**What the task asks:**
Every line from the start of the data through the line containing "くしゃくしゃ丸めて袋に詰めま" should be retyped exactly; the pictures should not.

Top of Dataset entries

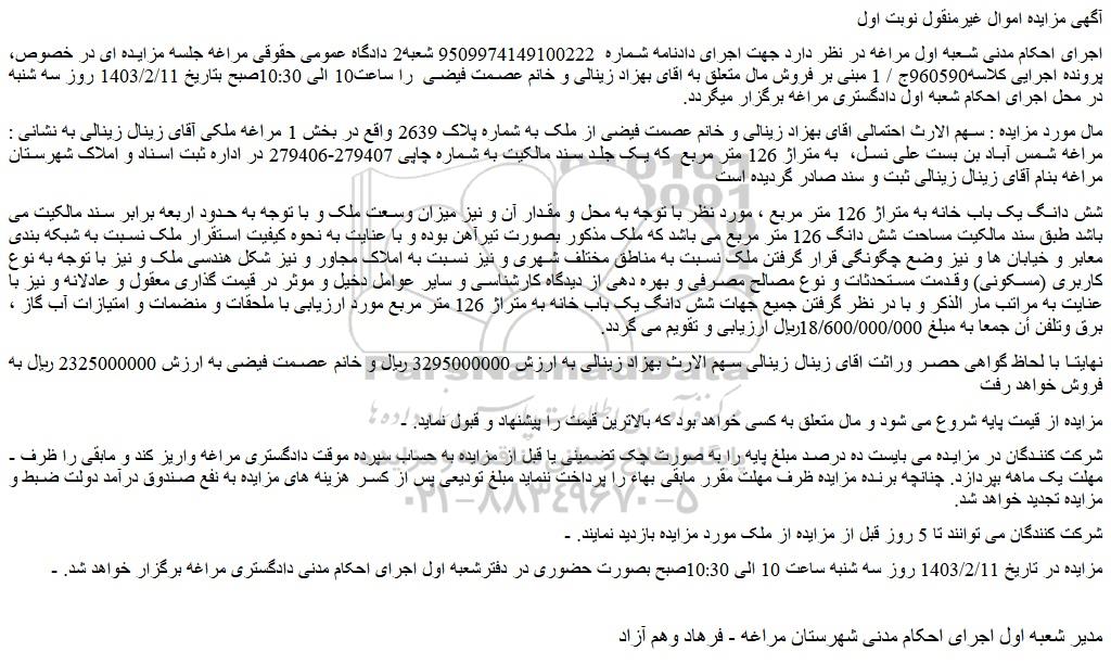 مال مورد مزایده : سهم الارث احتمالی اقای بهزاد زینالی و خانم عصمت فیضی از ملک به شماره پلاک 2639 واقع در بخش 1 مراغه ملکی آقای زینال زینالی به نشانی : مراغه شمس آباد بن بست على نسل، به متراژ 126 متر مربع که یک جلد سند مالکیت به شماره چاپی 279407-279406 در اداره ثبت اسناد و املاک شهرستان مراغه بنام آقای زینال زینالی ثبت و سند صادر گردیده است
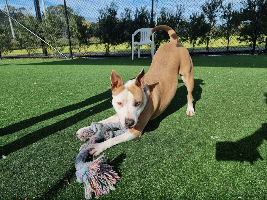 Ella adores playtime, with her favourite game being tug-o-war, which she enjoys at any time of the day! She would do well with older children who know how to handle dogs and are considerate of her boundaries. She appreciates affection and reciprocates it in an extraordinary way, making her the ideal companion.
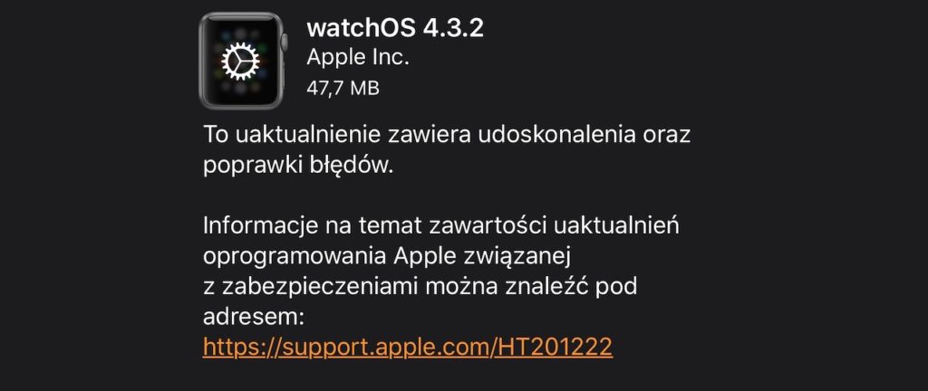 WatchOS 4.3.2 można pobrać przez dedykowaną aplikację Watch na iPhone’ie, przechodząc do Ogólne -> Uaktualnienia. Aby zainstalować nowe oprogramowanie, Apple Watch musi mieć co najmniej 50 procent baterii, musi być umieszczony na ładowarce i musi znajdować się w zasięgu iPhone’a.
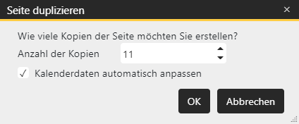 Dupliziert die ausgewählte Seite und fügt Sie nach der ausgewählten Seite ein. Im nächsten Schritt kann die Anzahl der Kopien eingegeben werden. |
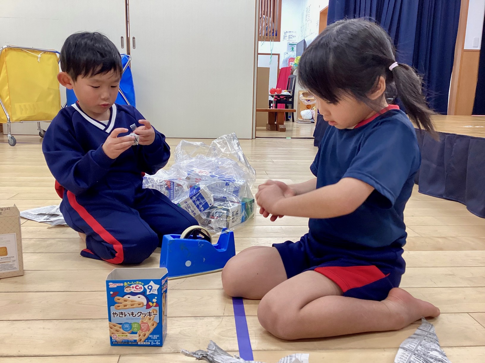 くしゃくしゃ丸めて袋に詰めました!上手に握れるようになり、たくさん丸めていましたよ!何ができあがるかな
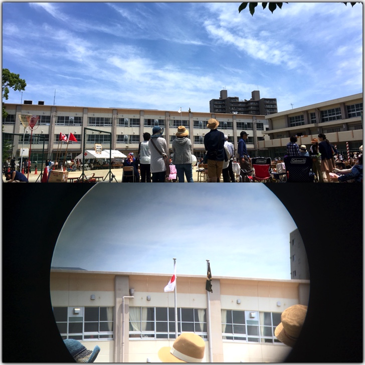 上がiPhoneでそのまま撮影した画像、下がiPhoneに単眼鏡を当てて撮影した画像。国旗を見比べていただければ倍率がわかると思います。

Bottom of Dataset entries

**Answer box:**
 مال مورد مزایده : سهم الارث احتمالی اقای بهزاد زینالی و خانم عصمت فیضی از ملک به شماره پلاک 2639 واقع در بخش 1 مراغه ملکی آقای زینال زینالی به نشانی : مراغه شمس آباد بن بست على نسل، به متراژ 126 متر مربع که یک جلد سند مالکیت به شماره چاپی 279407-279406 در اداره ثبت اسناد و املاک شهرستان مراغه بنام آقای زینال زینالی ثبت و سند صادر گردیده است
 Ella adores playtime, with her favourite game being tug-o-war, which she enjoys at any time of the day! She would do well with older children who know how to handle dogs and are considerate of her boundaries. She appreciates affection and reciprocates it in an extraordinary way, making her the ideal companion.
 WatchOS 4.3.2 można pobrać przez dedykowaną aplikację Watch na iPhone’ie, przechodząc do Ogólne -> Uaktualnienia. Aby zainstalować nowe oprogramowanie, Apple Watch musi mieć co najmniej 50 procent baterii, musi być umieszczony na ładowarce i musi znajdować się w zasięgu iPhone’a.
 Dupliziert die ausgewählte Seite und fügt Sie nach der ausgewählten Seite ein. Im nächsten Schritt kann die Anzahl der Kopien eingegeben werden. |
 くしゃくしゃ丸めて袋に詰めました!上手に握れるようになり、たくさん丸めていましたよ!何ができあがるかな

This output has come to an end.